パトカーが見えなくなった後、佐藤花子は目を閉じた。
高校時代、まだ引きこもる前の自分を思い出す。
午後八時。セーラー服も着替えず、机にかじりついていた。夕飯も断った。
前の試験で80点台をとってしまったのだ。次の試験では必ず90点以上をとらなければならない。必ず。必ず。必ず。
ひっかくようにしながら、問題集にシャーペンを走らせ続ける。
あの頃の自分は、とにかく必死だった。クラスの輪に溶け込めるように。テストの点を維持できるように。優等生であり続けられるように。
シャーペンの芯が折れる。信じられないほどの怒りが湧いた。シャーペンを机に叩きつけようとする。
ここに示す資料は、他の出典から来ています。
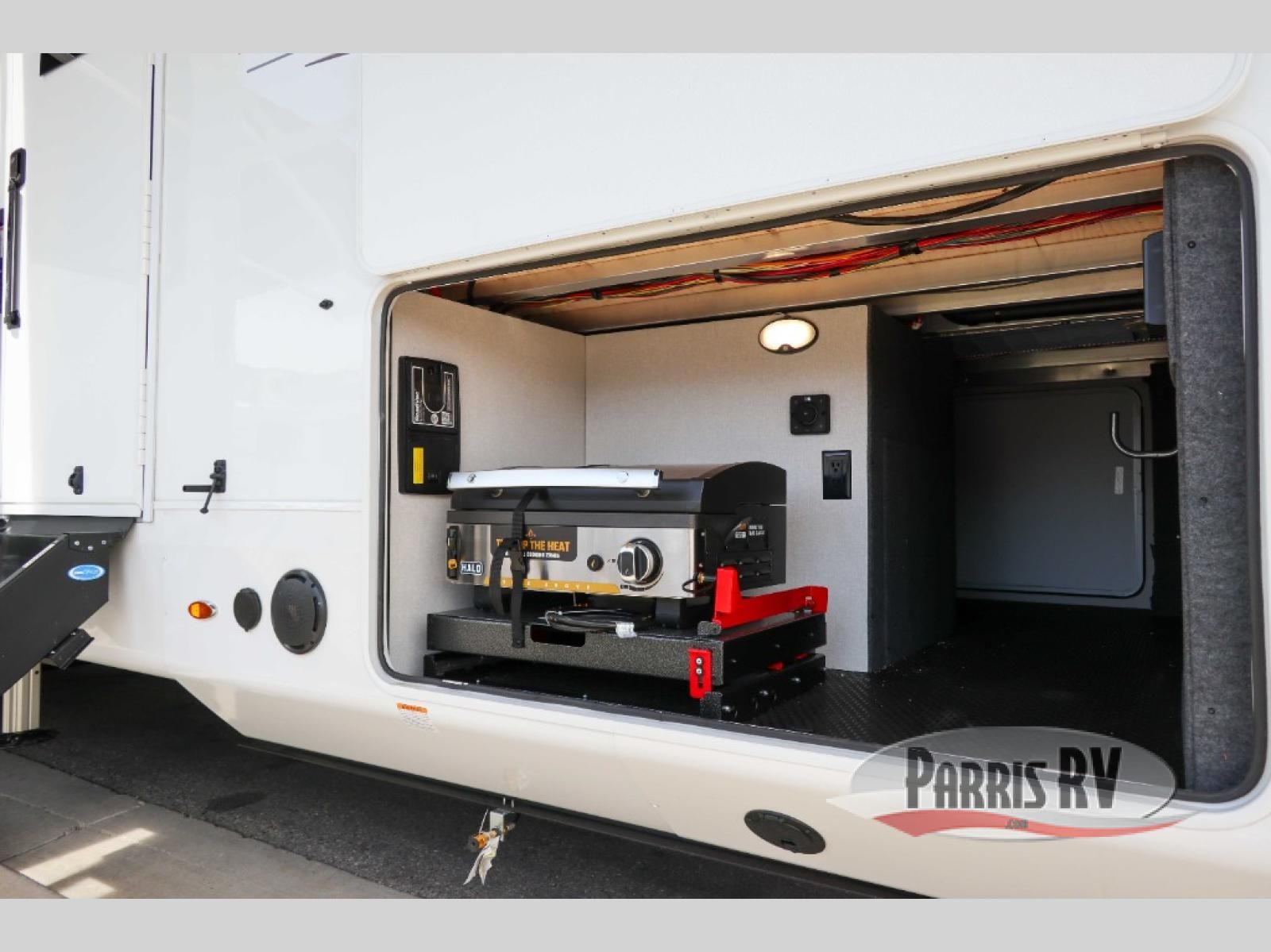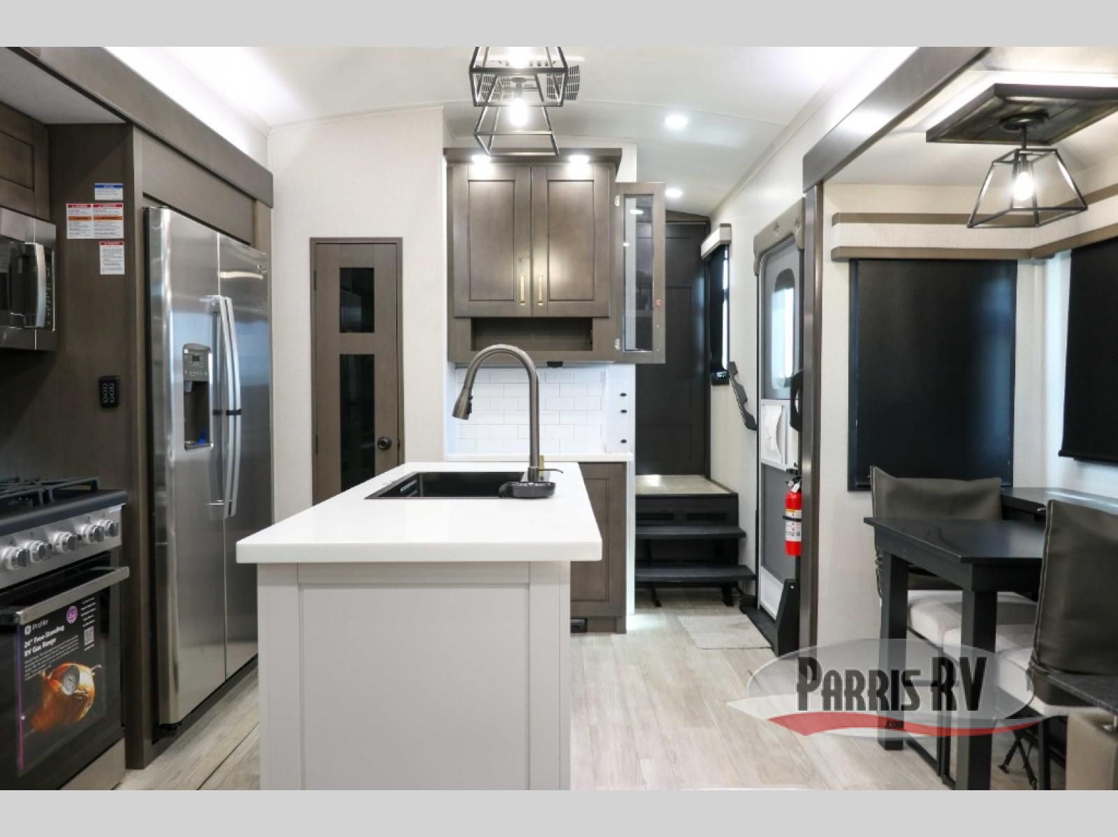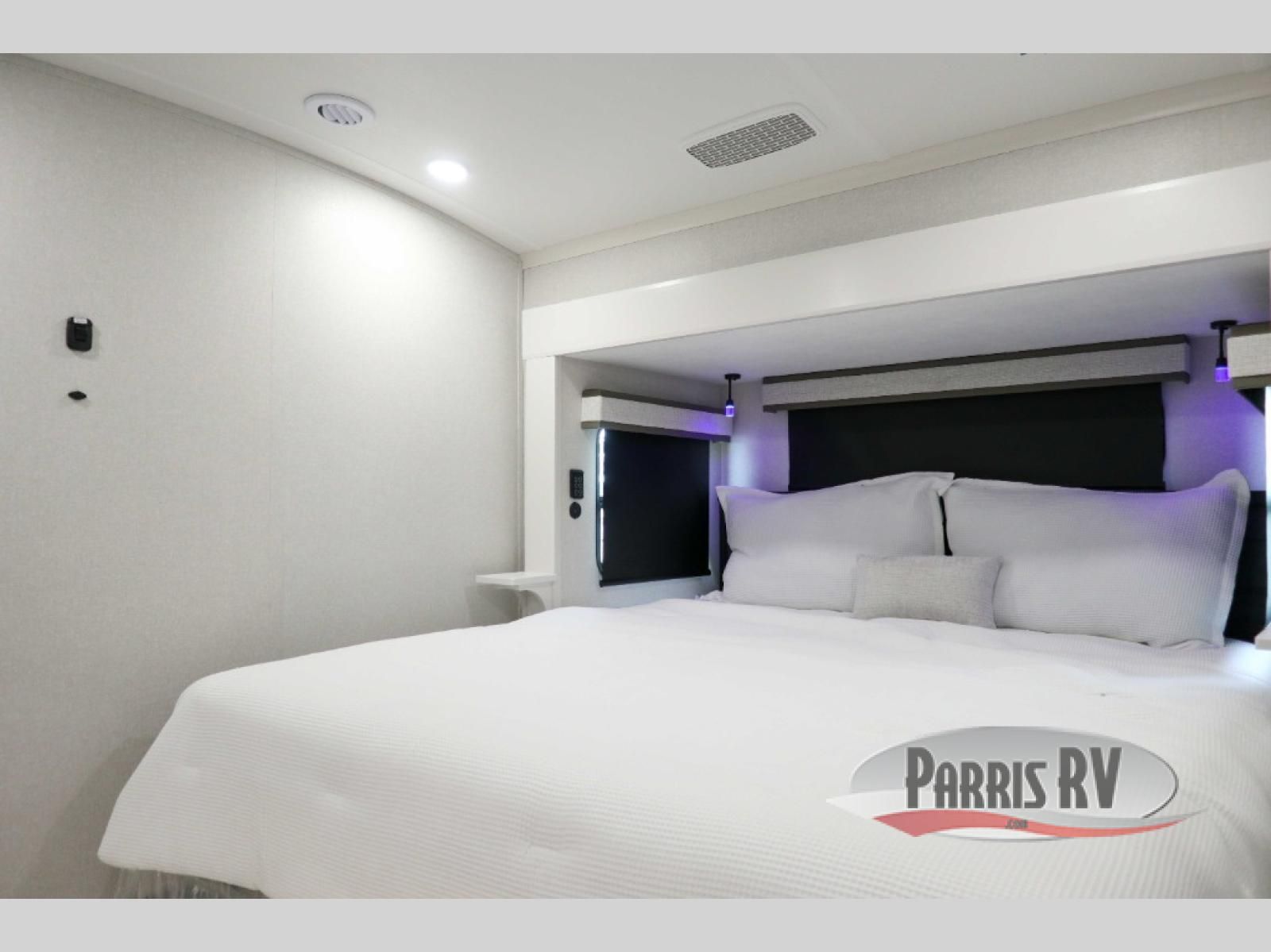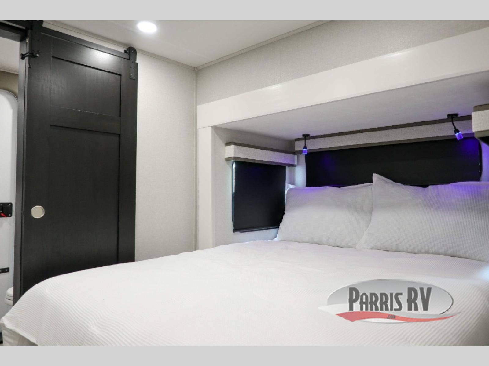 At the front of the 40DB fifth wheel, you'll find the inviting front bedroom featuring a spacious 72" x 80" king bed, perfect for a restful night's sleep. This room also includes a wardrobe and a flip-up dresser with a TV above, providing plenty of storage for clothing and essentials. Moving down the hall, one of two full bathrooms offers a 36" x 48" shower with a built-in seat for added accessibility, along with linen shelves for extra storage. At the center of the trailer, the main living area opens up with dual opposing slides for maximum comfort and room to move. One slide houses a 21-cu. ft. residential refrigerator and a 30" space-saving convection microwave with a built-in air fryer, while the central kitchen island includes a sink and pull-out cutting board, everything you need to prepare meals on the go. Across the way, the opposite slide features a roll-out table and theater seating, creating the perfect space to dine and relax after a long day. At the rear, the second bedroom includes a 60" x 80" queen bed in a slide-out with two wardrobes opposite for ample storage, plus a private full bathroom complete with a tub/shower combo and its own exterior exit for added convenience. Above it all, the loft provides three 30" x 80" bed mats and a loft cabinet, offering extra-sleeping space or additional storage for the whole family's adventures.

ちょうどその場所に、ひょっこりとケーキが現れた。花子の動きが止まる。
妹だった。
「お姉ちゃん、頑張っているからプレゼントだよー」
それは妹のお気に入りの苺ケーキだった。母親がめったに買ってくれない一品である。
花子の中の怒りの感情は、妹への愛しさに変わった。

――りっちゃんは、いつも私を見ていてくれた。たぶん、誰より……何もわかっていなかったのは、私の方だったんだ。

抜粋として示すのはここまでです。